Because we don't have a locobot and don't want to spend that kind of money to do the droidlet tutorial, we use a photorealistic simulator that simulates locobot. This simulator is called [Habitat](https://aihabitat.org/). This simulator can simulate everything about the locobot except it's arm. So as an approximation, we are going to pretend that there is no arm.

## Prerequisites


1. Make sure that you have [**droidlet installed**](https://github.com/facebookresearch/fairo#getting-started)
2. For this tutorial, we require a Linux machine with a CUDA-enabled GPU
3. We are going to use a photorealistic robot simulator called Habitat for this tutorial. For easy installation and launching of the simulator, [install Docker](https://docs.docker.com/get-docker/) on your computer.
4. From the root directory of the droidlet repository, run the command `tools/data_scripts/try_download.sh locobot`. This downloads the relevant model artifacts for the various neural network models used by `droidlet`

Lastly, make sure that you cover the basic tutorial [How to build a Simple Agent](https://github.com/facebookresearch/fairo/blob/main/tutorials/how_to_build_a_simple_agent.ipynb).

It introduces you to the basic set of abstractions and concepts in `droidlet`: Memory, Perception, Controller and Tasks.

## Start the Habitat simulator in the background

The one last step we need to do before we start our tutorial is to start the Habitat simulator and have it available for our agent to talk to.

Open a separate Terminal, and Follow steps 1 and 2 at this [link](https://github.com/facebookresearch/fairo/tree/main/locobot#getting-started) to start a Habitat server.
If everything goes well, you should see a message `Server is started...` on the Terminal.

Once you see that message, come back here.

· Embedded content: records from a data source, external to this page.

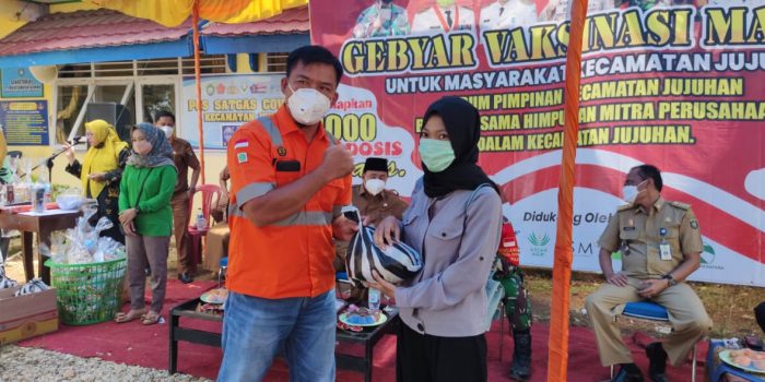 “Ya kami ikut peduli dengan kegiatan gebyar vaksinasi covid-19 secara massal ikut bersama perusahaan lain nya membantu sesuai dengan ketentuan dari perusahaan dari pusat. Semoga bantuan ini bisa diterima oleh masyarakat yang telah mendapatkan vaksinasi covid-19 di kecamatan jujuhan,”ungkap faskal.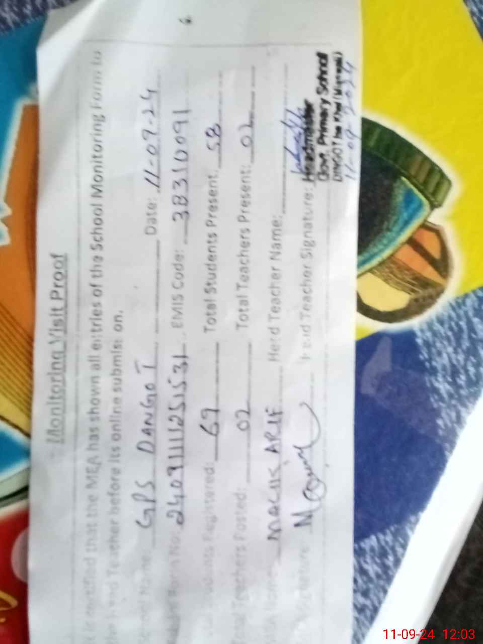 | EMIS Code: 38310091 | Name of School: GPS DANGOT | |||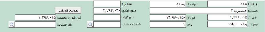 با انتخاب هر ردیف، در قسمت پایین فرم اطلاعات مربوط به آن نمایش داده میشود. به عنوان مثال در قسمت سود/زیان، سود/زیان مربوط به ردیف و در قسمت فی قبل از تخفیف، فی قبل از تخفیف ردیف نمایش داده میشود. چنانچه در قسمت شماره یا نام حساب، حسابی انتخاب شود، کليه تراکنشهای مربوط به حساب انتخابی با کالا نمايش داده میشود.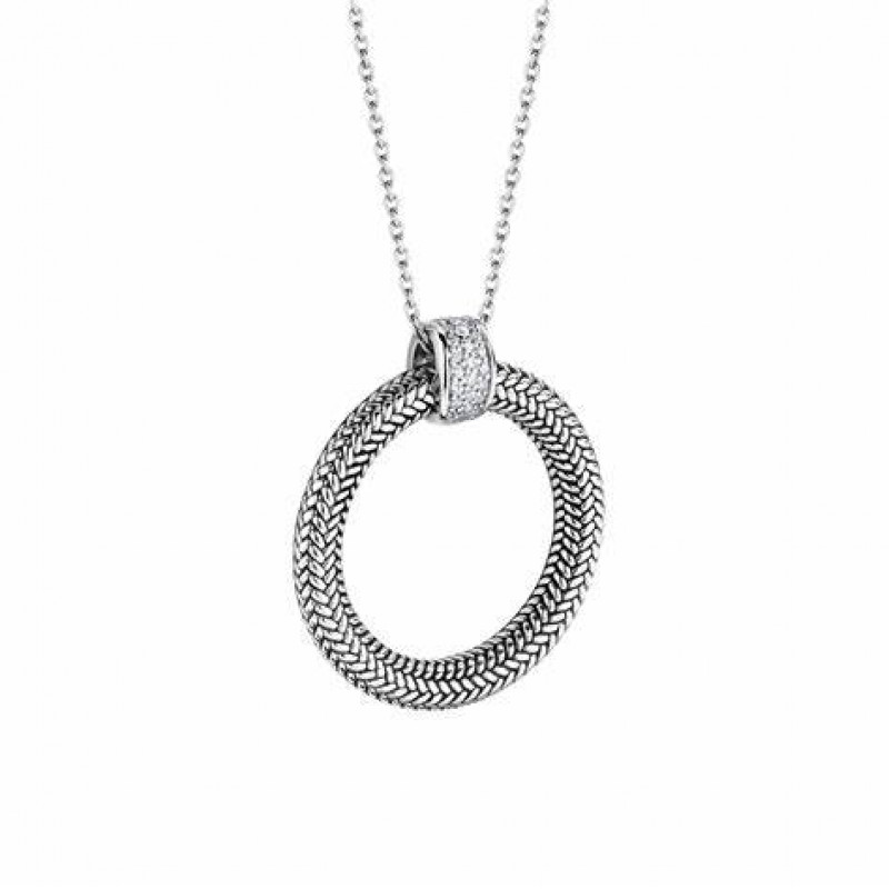 girocollo argento 925 con pendente rotondo e zirconi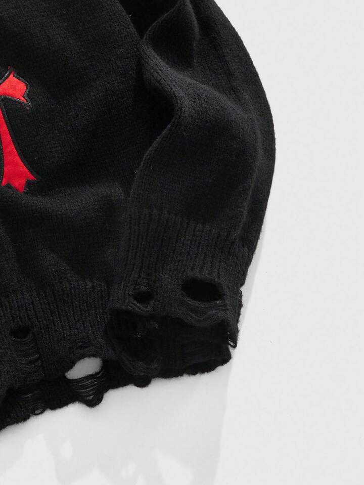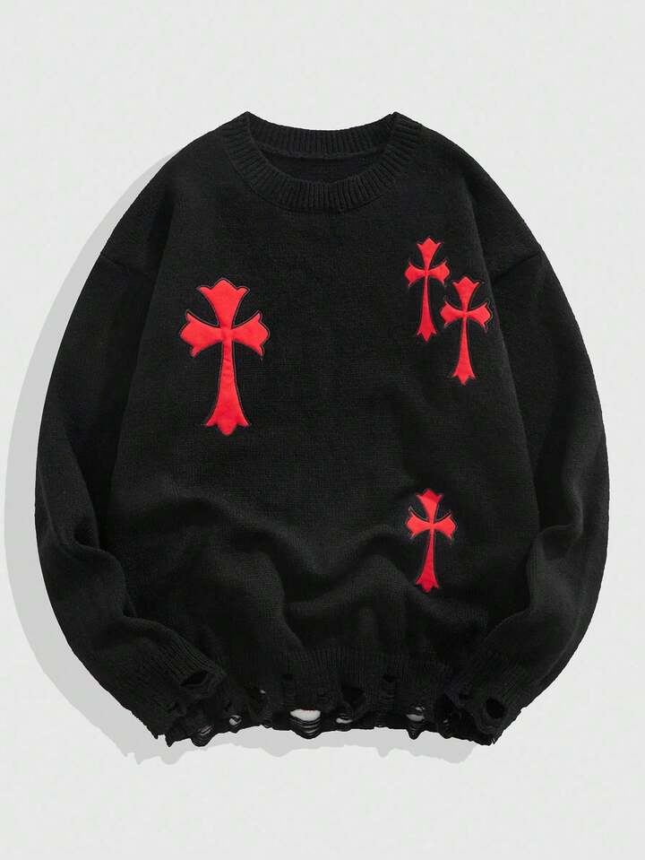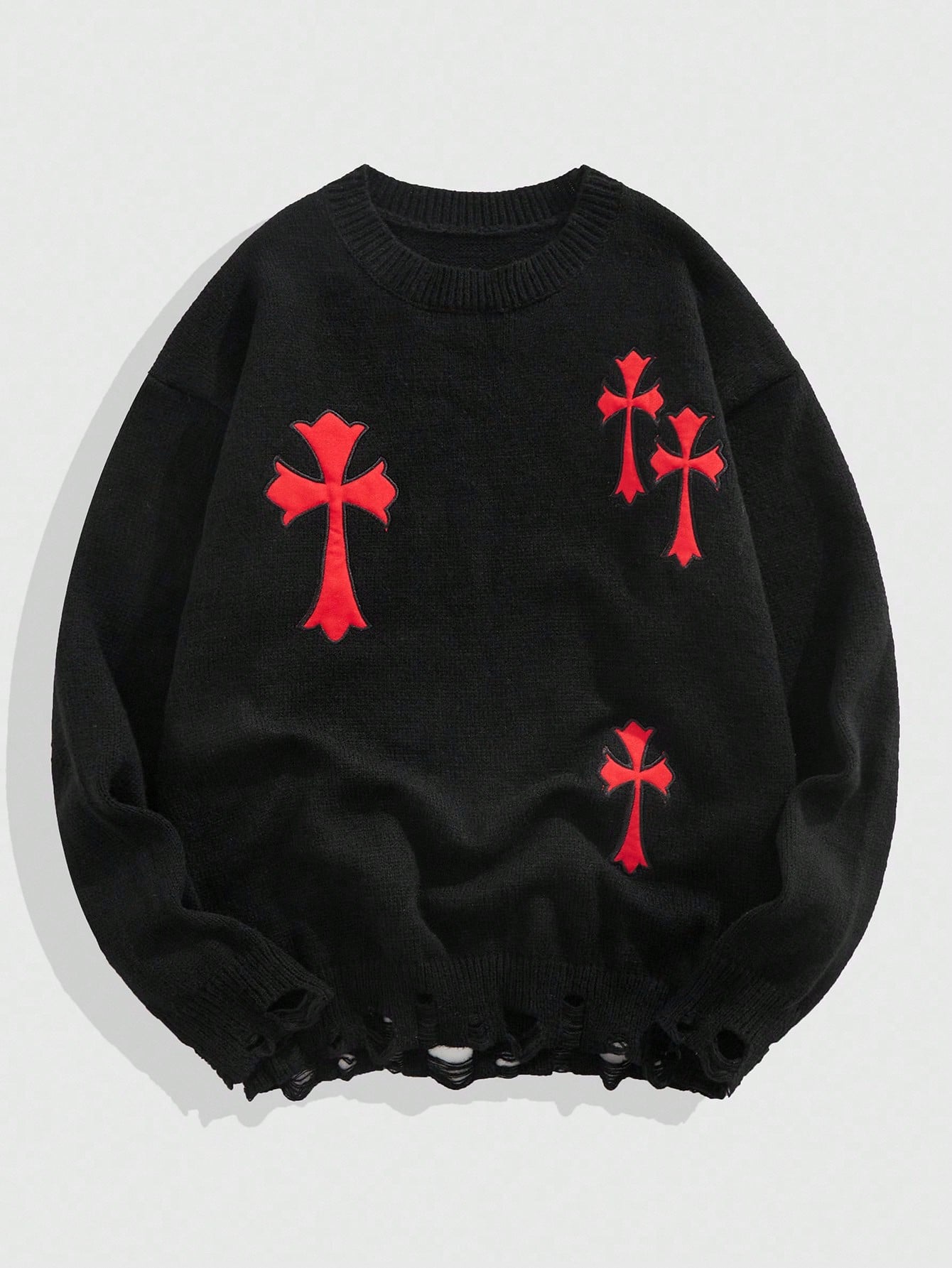 Pull décontracté pour hommes avec broderie croisée et effet délavé, automne/hiver

## Implementing the agent: 4 components

As a reminder from the basic tutorial, these are the steps involved in creating an agent:

![demo.gif](attachment:demo.gif)

Then, the agent roughly runs the following event loop:

> **while** True **do**
>> run [perceptual modules](https://facebookresearch.github.io/fairo/perception.html), update [memory](https://facebookresearch.github.io/fairo/memory.html)
>>
>> step [controller](https://facebookresearch.github.io/fairo/controller.html)
>>
>> step highest priority [task](https://facebookresearch.github.io/fairo/tasks.html)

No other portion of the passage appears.